#### Task statement:
The reply should contain only the lines from the start of the records through the line with "ライトオンスデニムを使用した", reproduced verbatim and without pictures.

#### Data to use:

▼▼▼

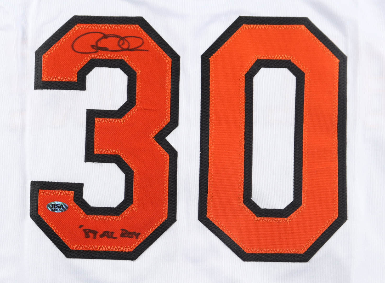 Custom jersey with everything sewn on, size XL. Hand-signed and inscribed by Gregg Olson.
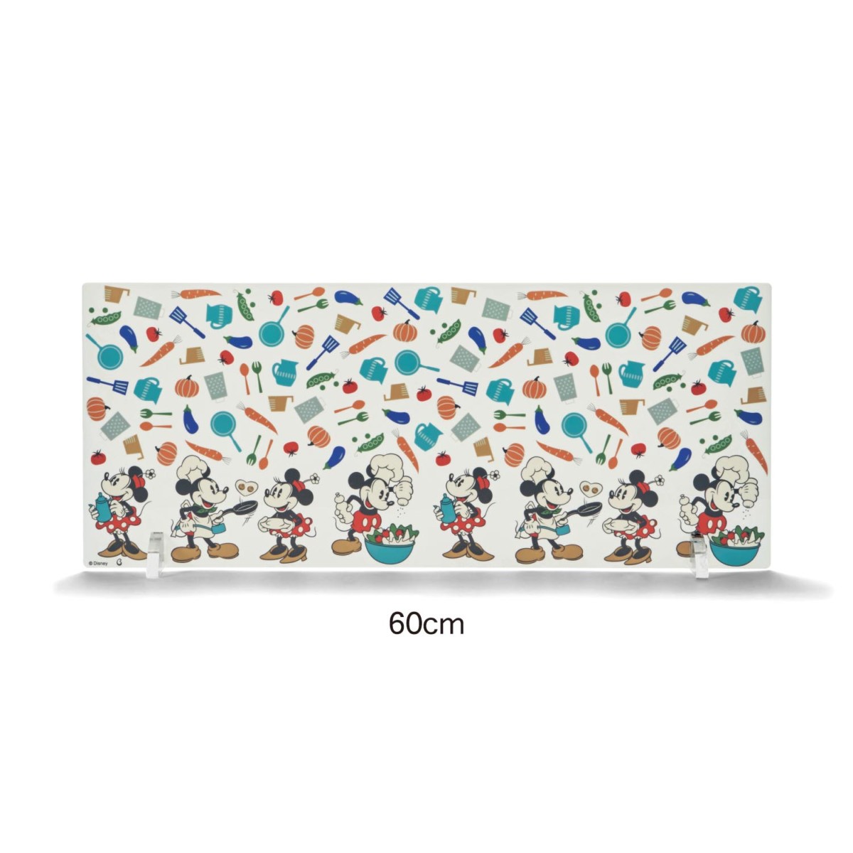 どちらのサイズも、上部にはカラフルな野菜やキッチン雑貨のモチーフに、下部には「ミッキー」と「ミニー」が楽しそうにお料理をしている様子がデザインされています。
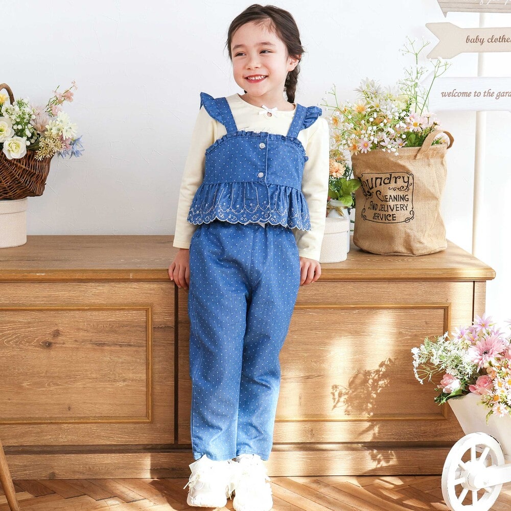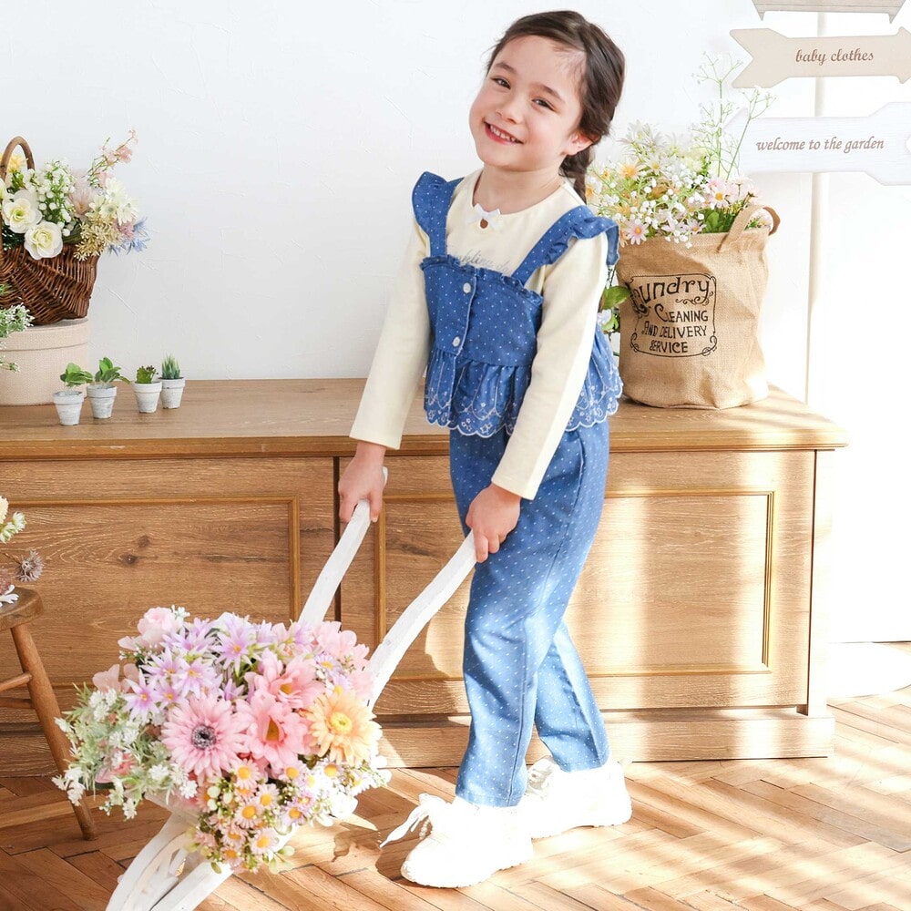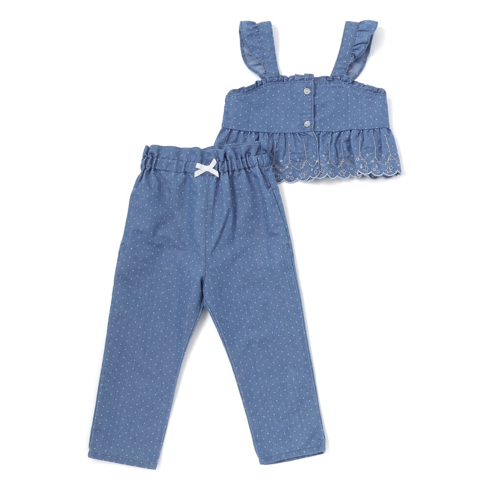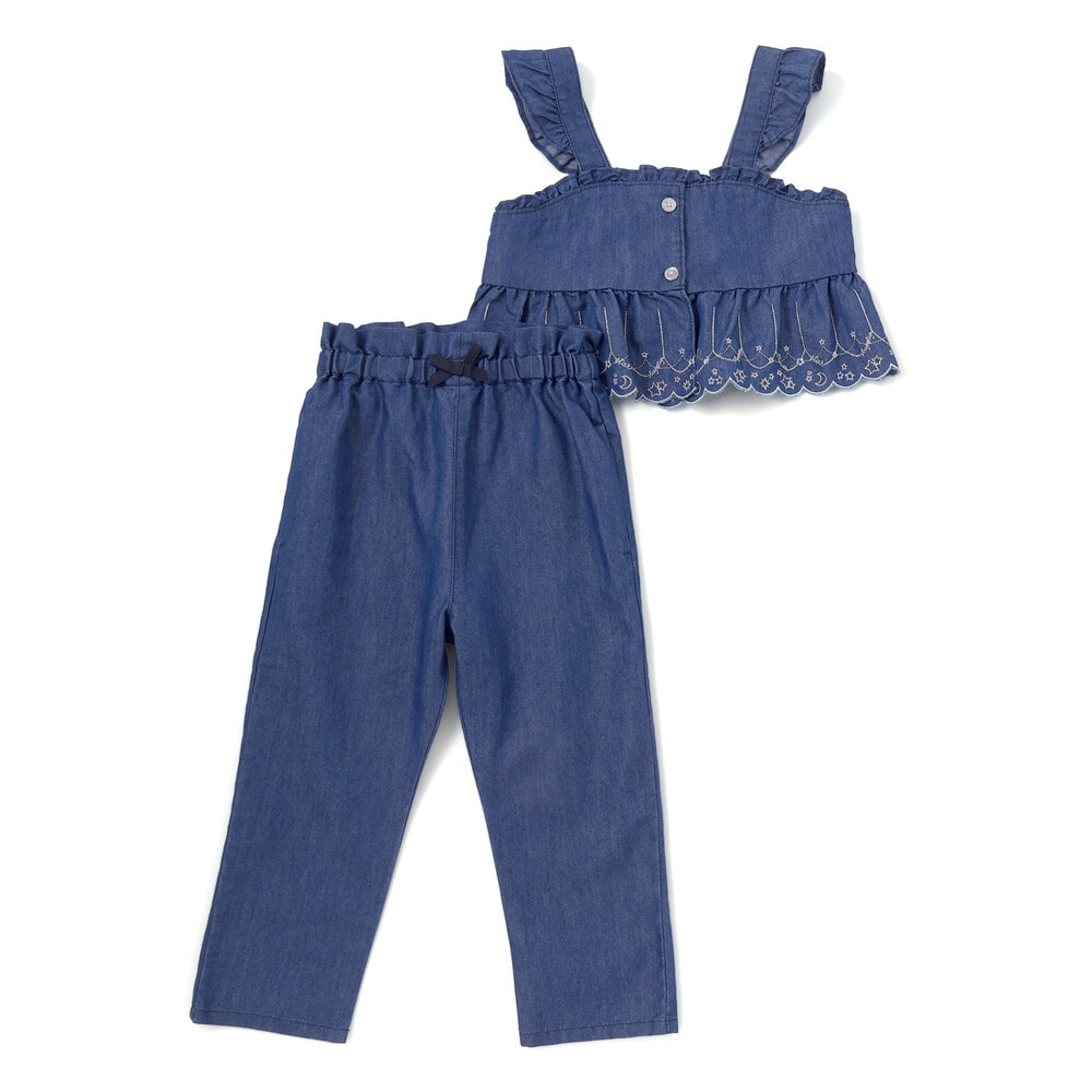 ライトオンスデニムを使用した、女の子らしい可愛さがぎゅっと詰まったセットアップ。
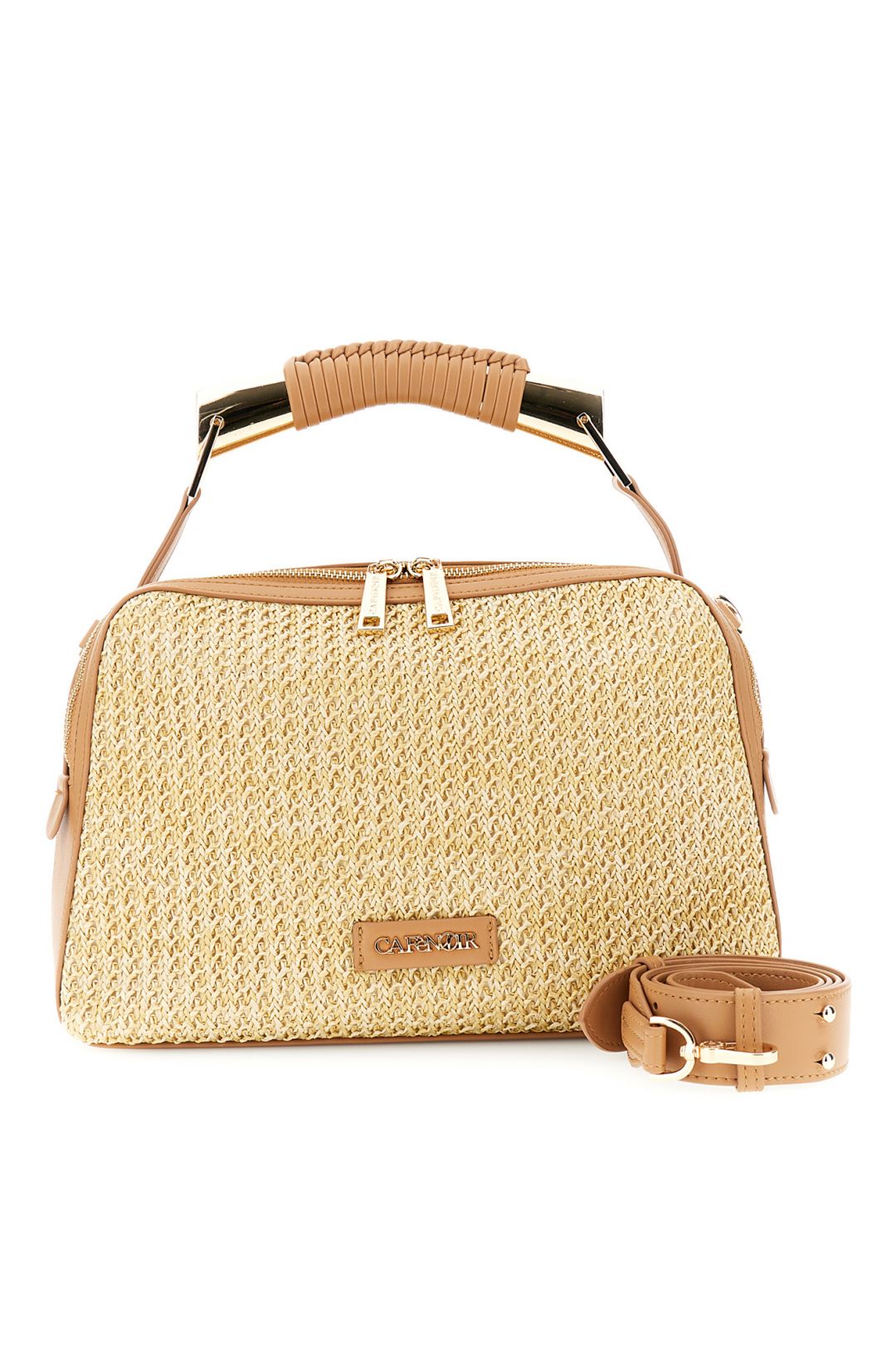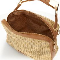 Κομψή ψάθινη τσάντα σε φυσική απόχρωση που αποπνέει καλοκαιρινό στυλ. Ο structured σχεδιασμός σε συνδυασμό με τις λεπτομέρειες σε καφέ και το αποσπώμενο λουρί την καθιστούν ιδανική επιλογή για καθημερινές αλλά και πιο ιδιαίτερες εμφανίσεις.
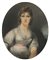 School of the 19th century "Portrait of a lady wearing a grey dress" watercolour on oval-pressed cardboard (cm 53x44) Framed (defects)
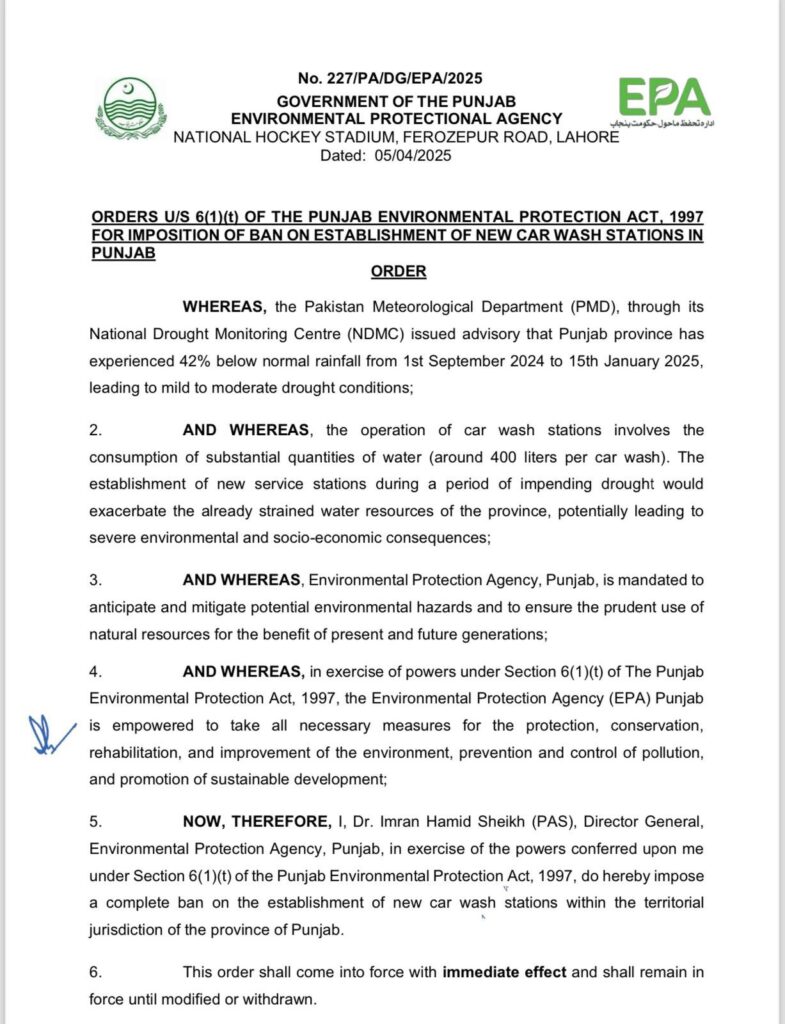 پنجاب حکومت نے صوبے بھر میں نئے کار واش اسٹیشنز پر پابندی عائد کردی۔ پنجاب میں پانی کی قلت اور ممکنہ خشک سالی کے پیش نظر فیصلہ کیا گیا محکمہ ماحولیات کے ڈی جی نے پنجاب ماحولیاتی تحفظ ایکٹ کے تحت پابندی کا نوٹیفیکشن جاری کردیا۔ نوٹیفیکشن کے مطابق پنجاب میں نئے کار سروس اسٹیشن بنانے پر مکمل پابندی ہوگی۔پابندی کی خلاف ورزی پر پاکستان پینل کوڈ کے تحت کاروائی ہوگی۔نئے کار واش اسٹیشن بنانے پر پابندی کا عملدآمد فوری ہوگا۔ محکمہ تحفظ ماحولیات کے مطابق پنجاب میں پانی کی قلت، ممکنہ خشک سالی کے پیش نظر فیصلہ کیا گیا۔ایک گاڑی دھونے پر چار سو لیٹر پانی ضائع ہوجاتا ہے۔نئے سروس اسٹیشن خشک سالی کو مزید سنگین کرکے ماحولیاتی اور سماجی اقتصادی مشکلات کا باعث بنیں گے
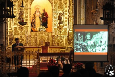 El acto fue presentado por el hermano mayor, José Luis del Pueyo Ortíz y explicado por el archivero José Damian Huerta Hidalgo. También se iban proyectando diapositivas explicativas de los libros.

▲▲▲

#### Response to the exercise:
 Custom jersey with everything sewn on, size XL. Hand-signed and inscribed by Gregg Olson.
 どちらのサイズも、上部にはカラフルな野菜やキッチン雑貨のモチーフに、下部には「ミッキー」と「ミニー」が楽しそうにお料理をしている様子がデザインされています。
 ライトオンスデニムを使用した、女の子らしい可愛さがぎゅっと詰まったセットアップ。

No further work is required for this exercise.